Una semana atrás la humanidad vio por primera vez la foto de un agujero negro, después le tocó el turno al incendio de la historia encarnado en las llamas de Notre Dame multiplicadas en las redes. Con sólo uno de estos dos acontecimientos Dan Brown se escribe una saga de novelas conspirativas, pero los que seguimos las necrológicas sabemos que las noticias vienen de a tres, como en los guiones de cine bien ordenados. Al igual que la carta robada de Poe, el tercer acto de esta obra ya estaba por acá cerca y no nos terminábamos de dar cuenta.
La noticia de la jubilada que se quiso suicidar tirándose ante una formación de subte en la estación Lavalle de la Línea C me puso la piel de gallina casi sin detenerme a pensar en ello: fue algo instintivo, que ningún agujero negro ni catedral pueden generarme. El argumento de la obra está claro: podemos mirar hacia el final del universo o hacia el pozo de la historia, pero lo que te puede destruir está acá nomás, y por eso preferimos no mirarlo a los ojos.
Según leo por ahí, la señora se salvó porque la maquinista pudo detener el tren a tiempo. En una de las fotos que circularon en las redes se puede ver a los empleados del subte charlando con ella, tratando de devolverla al andén.
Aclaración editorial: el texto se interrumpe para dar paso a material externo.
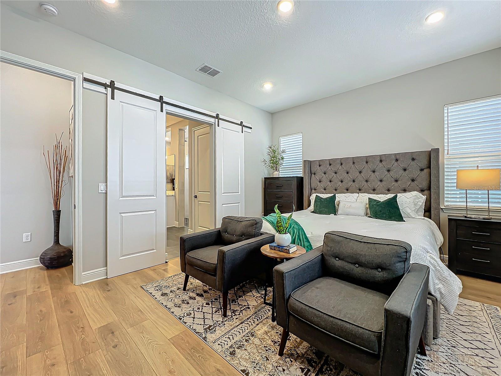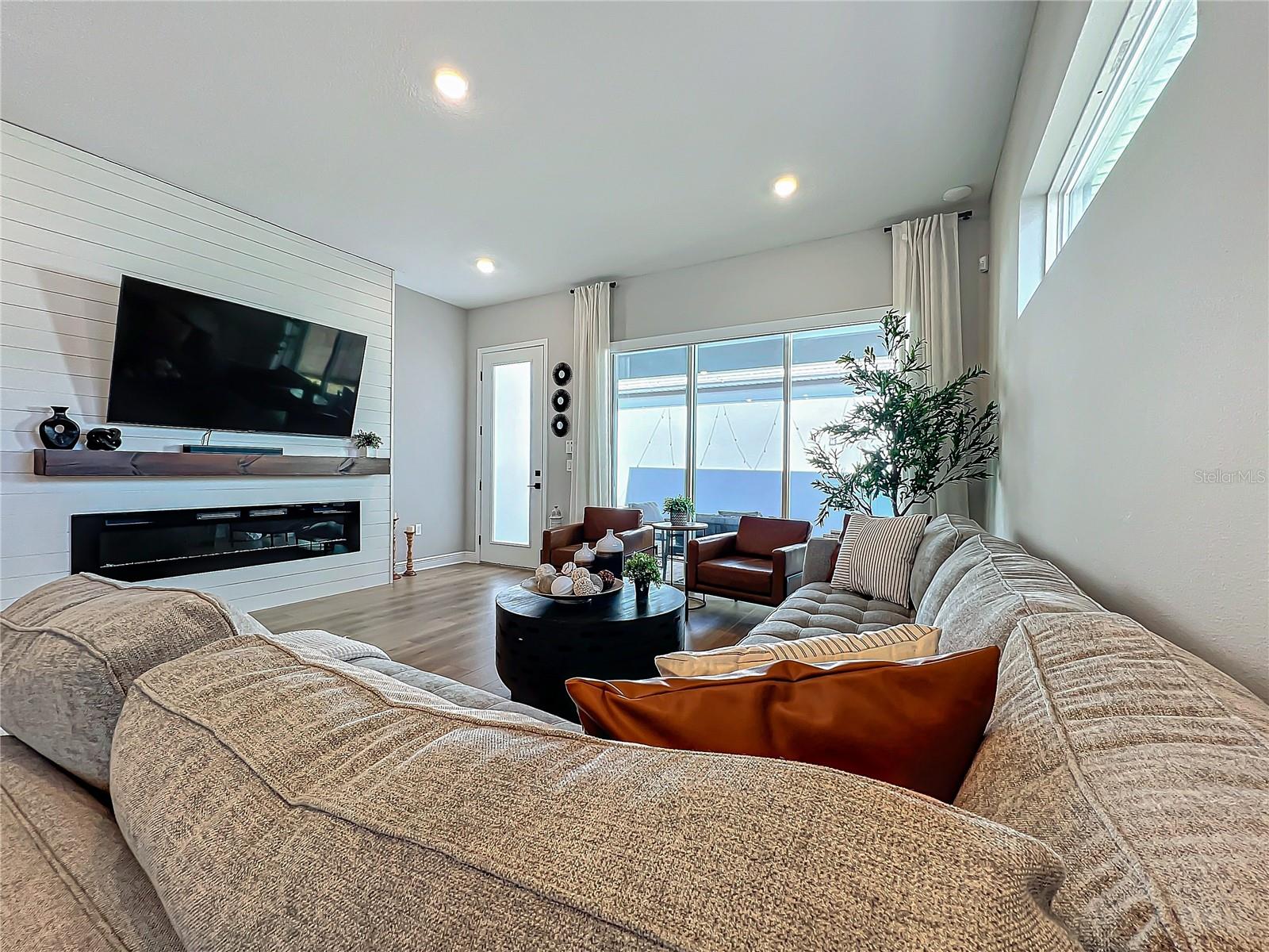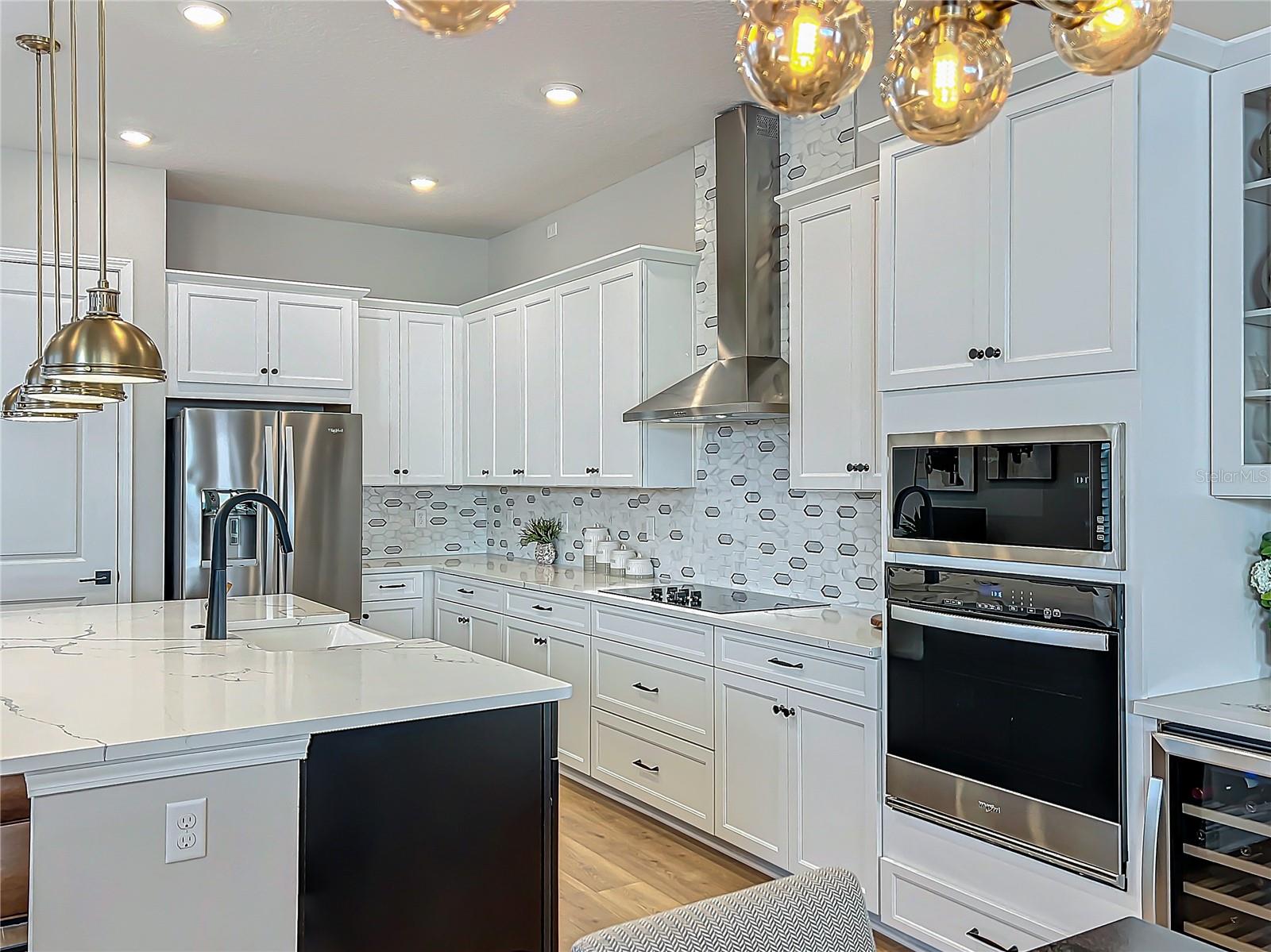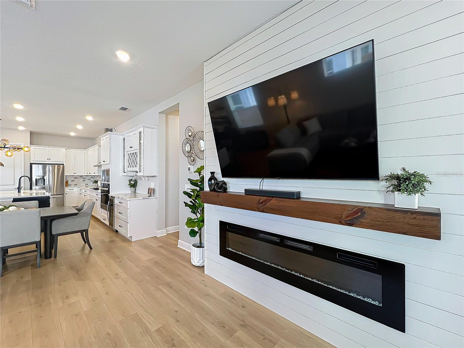 Back on the market! Step into this beautifully upgraded Tanner model by Craft Homes, a truly one-of-a-kind design that combines modern elegance with functionality. The open-concept layout, with laminate flooring throughout, offers an uninterrupted view of the stunning gourmet kitchen. Featuring sleek cabinetry, a porcelain farm sink, stainless steel appliances—including a built-in microwave and oven—quartz countertops, a spacious island, and a dry bar with a wine fridge, this kitchen is a chef's dream. The expansive living area boasts a custom electric fireplace, framed by a stylish mantel. It is bathed in natural light, with a patio door that opens up to a massive paved lanai, perfect for entertaining. The luxurious primary bedroom is designed with rustic charm, featuring barn doors leading to a meticulously designed en-suite bathroom. Here, you'll find an oversized shower and two master closets that conveniently lead to the laundry room. On the opposite side of the home, two generously sized secondary bedrooms and a beautifully appointed bathroom await. Additional features include a premium lot, 12 12-foot ceilings, Energy Star certification, pre-wiring for surround sound, and ample storage throughout. This home is located in the highly sought-after Laureate Park community in Lake Nona (Medical City). The community offers over 44 miles of walking, jogging, and biking trails. Residents can enjoy top-notch amenities, including the Aquatic Center, Fitness Center, and nearby restaurants—just a short walk from their front door!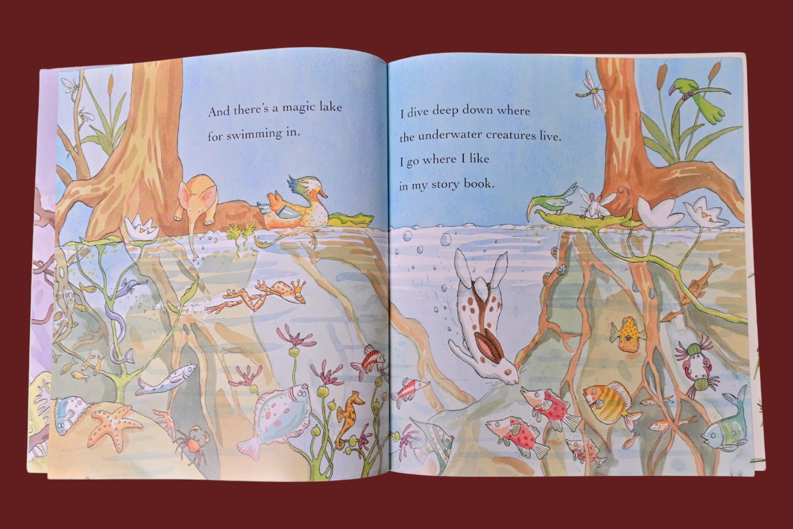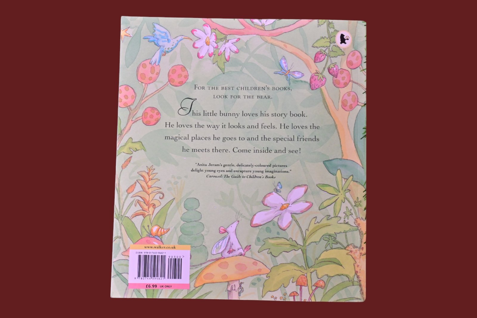This picture book is a celebration of the essence of reading; the sensation of holding a book and entering through its portal into another world that everyone who reads it can relate to and delight in. The reader is taken into a rabbit’s world of giants, fairies and magical lakes.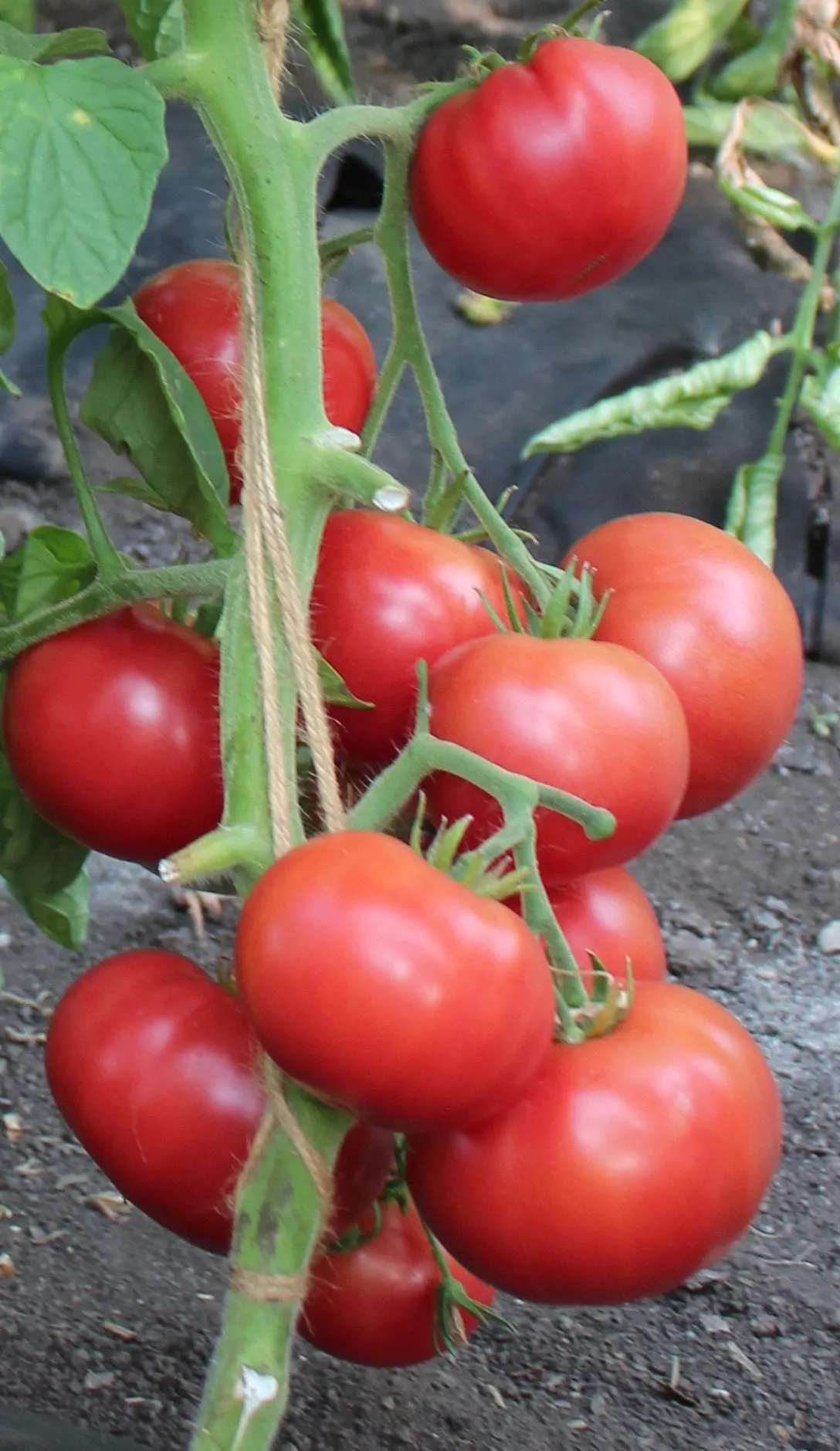 - По мере роста незамедлительно подвязывайте стебель к шпалере или крепкому колу мягкой лентой, не перетягивая его. Крупные плоды создают значительную нагрузку.

La señora dijo que tomó su frustrada decisión fatal porque no le alcanza la plata para remedios ni alimentos, y no quiere ser una carga para sus hijos.
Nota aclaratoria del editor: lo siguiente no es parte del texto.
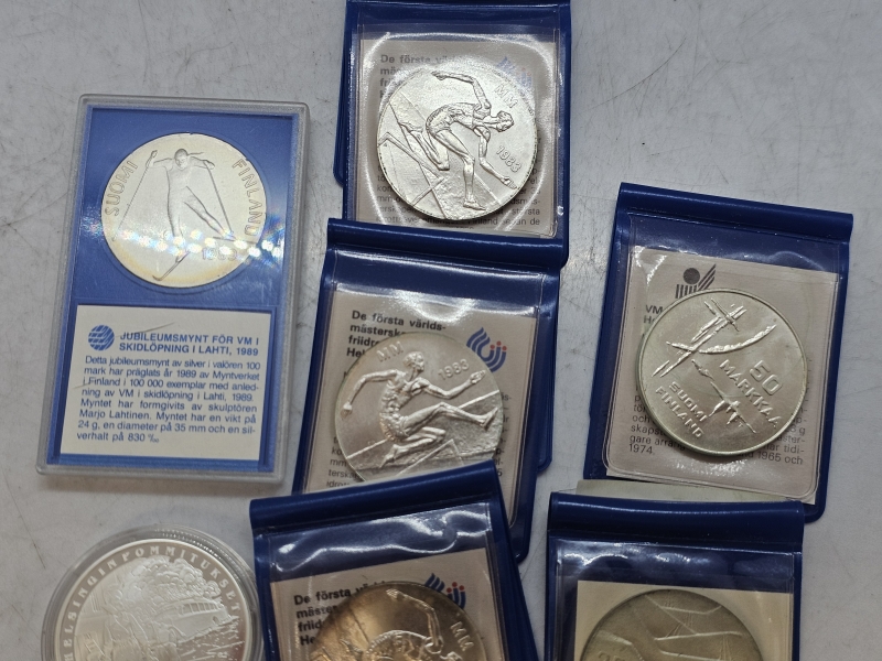 #1605 - Erä hopeisia juhlarahoja: Mm. Helsingin pommitukset, yht. 166,95g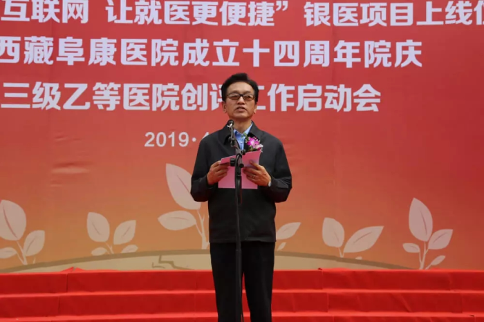 春日的圣城拉薩陽光明媚,生機(jī)盎然。2019年4月28日,注定是一個(gè)不平凡的日子!下午15時(shí),來自自治區(qū)政府部門、各大金融機(jī)構(gòu)、科技教育單位的12位嘉賓和阜康醫(yī)院的廣大醫(yī)務(wù)人員匯聚一堂,共同見證建設(shè)銀行西藏分行、西藏阜康醫(yī)院“醫(yī)療健康+互聯(lián)網(wǎng),讓就醫(yī)更健康”銀醫(yī)項(xiàng)目上線暨阜康醫(yī)院成立十四周年院慶三級(jí)乙等醫(yī)院創(chuàng)評(píng)工作正式啟動(dòng),標(biāo)志著在雪域高原上成功走過十四年光輝歷程的阜康醫(yī)院,正在一個(gè)全新的起點(diǎn)上承載著“健康西藏”的光榮使命再次揚(yáng)帆遠(yuǎn)航、整裝出發(fā)!

Los que suelen viajar tanto en trenes como en subte, saben que los suicidas son más o menos habituales. Especialmente cuando llegan las fiestas de navidad o año nuevo, por ejemplo. Para que eso no suceda, de hecho, en algunos subtes europeos hay protecciones en los andenes que encajan con las puertas de los vagones, para que el salto ante la formación que ingresa en el andén no sea posible. Aquí, en cambio, en plena crisis económica, la novedad es que los tecnócratas han inventado contenedores de basura con cerradura, no para que los desesperados no puedan suicidarse, sino para que no puedan intentar buscar algo parecido a la salvación o apenas la supervivencia revolviendo entre lo que otros desechan.
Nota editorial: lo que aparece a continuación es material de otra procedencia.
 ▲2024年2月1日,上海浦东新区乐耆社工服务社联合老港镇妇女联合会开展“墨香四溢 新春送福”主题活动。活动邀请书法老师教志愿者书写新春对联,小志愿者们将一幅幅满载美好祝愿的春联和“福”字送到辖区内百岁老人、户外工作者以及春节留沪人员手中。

Lo más fascinante del poscapitalismo es que sigue convencido de que la historia ha terminado, entonces no se preocupa por borrar sus huellas. No concibe ninguna Bastilla en su futuro que no pueda exorcizar con focus groups o memes mentirosos por WhatsApp. Pero entregarse al destino desde la vereda de enfrente y simplemente desear (y dejar) que el fuego lo devore todo de una vez siempre ha sido la peor solución posible. A fin de cuentas, la verdadera noticia de nuestra pieza en tres actos no es que alguien haya intentado suicidarse arrojándose bajo las ruedas de un tren o de un subte, sino que ese tren haya llegado a detenerse para salvar su vida.
Allá lejos y hace tiempo trabajé en un especial dedicado a los trenes para un programa de radio, y desde entonces nunca pude dejar de pensar en el testimonio de los maquinistas que quedaban traumatizados al ser responsables de algunas de esas muertes. Porque por la velocidad de las formaciones, y su contundencia, desde que accionaban el freno hasta que efectivamente se detenían se demoraban unos quince minutos. O sea que no podían hacer nada ante la visión de esos pobres diablos que se paraban delante de ellos. Cargaban con esa imagen por el resto de su vida.
Esto que llamamos humanidad parece no poderse detener, no importa quién o quiénes aparezcan en las vías. En África, en este preciso momento, hay un brote de ébola que las Naciones Unidas no han podido contener porque, entre otras cosas, las víctimas desconfían de los médicos y de las vacunas. La semana pasada The New York Times reveló que hay un nuevo tipo de hongo mortal que acecha en los hospitales de casi todo el mundo, que se hizo indestructible gracias a la proliferación de herbicidas, y que por ahora mata a los más débiles –-los niños y los ancianos– en sólo 90 días. Hay una niña en Europa de la que todos los medios del mundo se burlan –cuando directamente no la invisibilizan– porque convoca a una huelga de adolescentes todos los viernes, en su afán de concientizar por los efectos del calentamiento global.
¿Se acuerdan de Prince? El signo de los tiempos sigue siendo el signo de los tiempos. Los tiempos, después de todo, siguen siendo los mismos. Por eso cuando leo por ahí la noticia de la suicida que fue rescatada a tiempo, me doy cuenta de que la piel de gallina no es por la tragedia, sino porque es una pequeña señal de algo que no me atrevo a llamar esperanza. Sino simplemente apenas historia, así, con minúscula.
Los tres actos de cualquier obra no son inevitables. Las canciones lo saben todo antes que uno. Y la vida aún está viva, y decide a su manera. No hay que esperar el fuego. Sino esa mano que puede sacarnos de las vías. Y no es una mano ajena. Es tan propia como la del que tenemos al lado.